As with Iraq, Syria's sectarian violence drew in many Sunni extremists, including jihadists associated with al-Qaeda, particularly the Nusra Front but also "al-Qaeda in Iraq" which rebranded itself the Islamic State of Iraq and Syria or simply the Islamic State. Eventually, al-Qaeda leaders rejected the Islamic State because it had become a rival of the Nusra Front and because its brutality was too graphic even for al-Qaeda.
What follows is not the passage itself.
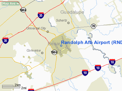 Randolph Air Force Base building 100, nicknamed the Taj Mahal. Randolph Air Force Base (Randolph AFB) is a base of the United States Air Force located in Universal City, Texas, near San Antonio. Dedicated June 20, 1930, as a flying training base, it continues with that mission today. The base is named after Captain William Millican Randolph, a native of Austin, who was on the base naming committee at the time of his death in a crash. It serves as headquarters of the Air Education and Training Command (AETC) as well as the Air Force Personnel Center (AFPC) and is known as "the Showplace of the Air Force" because of the Spanish Colonial Revival Style architecture in which all structures including hangars were constructed. The symbol of the base is a large water tower atop Building 100, housing the headquarters for Randolph's major flying unit, the 12th Flying Training Wing (12 FTW). With its distinctive architecture, the wing's headquarters has come to be known throughout the Air Force as "the Taj Mahal," or simply "The Taj". Another AETC unit, the 502d Air Base Wing (502 ABW) is the host wing for Randolph. A recently established organization, the 502 ABW assumed host wing duties from the 12 FTW, allowing the latter to concentrate on flight operations and training. Randolph AFB operates parallel runways on either side of its main installation facilities and conducts 24-hour-a-day flight training operations. Tenant units of Randolph AFB also include the Air Force Personnel Center (AFPC), Air Force Manpower Agency, Air Force Office of Special Investigations Field Investigations Region 4 and the Air Force Recruiting Service. HistoryEarly historyThe idea for Randolph began soon after passage in the United States Congress of the Air Corps Act of 1926, which changed the name of the Army Air Service to the Army Air Corps, created two new brigadier general positions and provided a five-year expansion program for the under-strength Air Corps. One of the new general officer positions was given to Frank P. Lahm, who was placed in charge of all flying training. General Lahm established the Air Corps Training Center and set up its headquarters at Duncan Field, next to Kelly Field, Texas. He soon learned that the facilities at Kelly and Brooks Fields were not sufficient for proper training. The buildings, erected during World War I with a life expectancy of five years, had no suitable areas for ground training, and the living quarters were inadequate. San Antonio's rapid growth was also beginning to interfere with flying training operations. The Air Corps soon decided that an additional training field was needed, and a site north of San Antonio was chosen for the new field. In 1926 and 1927, 1st Lt Harold Clark designed Randolph while assigned as dispatch officer in the Kelly Field motor pool, although the War Department received the land in 1928. Having trained as an architect prior to entering the military, Lieutenant Clark sketched his ideas of a perfect "Air City" on the back of old dispatch sheets. After learning a new field was to be built, Lieutenant Clark took his drawings to General Lahm, who was so impressed with the designs he appointed him to be the architect in charge of the Randolph Field project. It was, at the time, the largest construction project undertaken by the U.S. Army Corps of Engineers since the Panama Canal. Once the site for the field was selected, a committee decided to name the base after Captain William Millican Randolph, a native of Austin and graduate of Texas A&M, who was killed on February 17, 1928, in the crash of an AT-4 on takeoff from Gorman Field, Texas. Ironically, Captain Randolph was serving on the committee to select a name for the new field at the time of his death. Captain Randolph is buried at Fort Sam Houston National Cemetery. Randolph Field was dedicated June 20, 1930, with an estimated 15,000 people in attendance and a fly-by of 233 planes, possibly the largest assembly of military aircraft in the world. Early in 1931, the School of Aviation Medicine from Brooks Field and the first cadets from the Air Corps Flying School at Duncan Field, then a part of Kelly AFB, began relocating to Randolph. By the autumn of 1931, Randolph was ready for business. On October 1, the Air Corps Training Center moved its headquarters from Duncan Field to Randolph. The flying school at Brooks Field transferred to Randolph on October 20, while the school at March Field transferred on October 25. The School of Aviation Medicine also transferred from Brooks Field during 1931. The Air Corps Act of 1926 mandated that rated pilots comprise 90% of all commissioned officers of the Air Corps. Because of this requirement, nearly all officers of the Air Corps underwent Randolph's rigorous pilot training program and, in combination with the architectural beauty of the base, resulted in the unofficial nickname "West Point of the Air" applied to Randolph Field. A 1935 Hollywood film, West Point of the Air, was filmed on location at Randolph. 1940s to 1970sIn June 1941, the Army Air Corps became the Army Air Forces. Basic flying training at Randolph continued until March 1943, when the central instructors school took over. For the next two years, training instructors for the Air Corps's ground training and primary, basic and advanced flying training was the main mission. Randolph produced 15,396 instructor graduates from this course before it moved to Waco Field in 1945. When the central instructors school moved to Waco Field it was replaced by the Army Air Forces pilot school, which specialized in transition training for B-29 bomber pilots, copilots and engineers. Primary pilot training returned to Randolph from Goodfellow Field in December 1945. Like many military installations during World War II, Randolph fielded an intercollegiate football team, nicknamed the Ramblers. In 1943, under Coach Frank Tritico, the team achieved a 9-1-0 record, and was invited to play in the January 1, 1944 C

Despite the growing radicalism of Syrian rebels, Official Washington's influential neocons and the "liberal interventionists" continued the drumbeat for ousting Assad, a position also shared by Israeli leaders who went so far as to indicate they would prefer Damascus to fall to al-Qaeda extremists rather than have Iranian ally Assad retain control. [See Consortiumnews.com's "Israel Sides with Syrian Jihadists."]
Whenever there was a chance to push Obama into ordering a U.S. military assault on Assad's government, "the Assad-must-go crowd" pressed the argument. For instance, a still-mysterious Sarin gas attack outside Damascus on Aug. 21, 2013, was immediately blamed on Assad's forces. The neocons and the "liberal interventionists" demanded an air war to punish the Syrian government -- and possibly open the way for a rebel victory.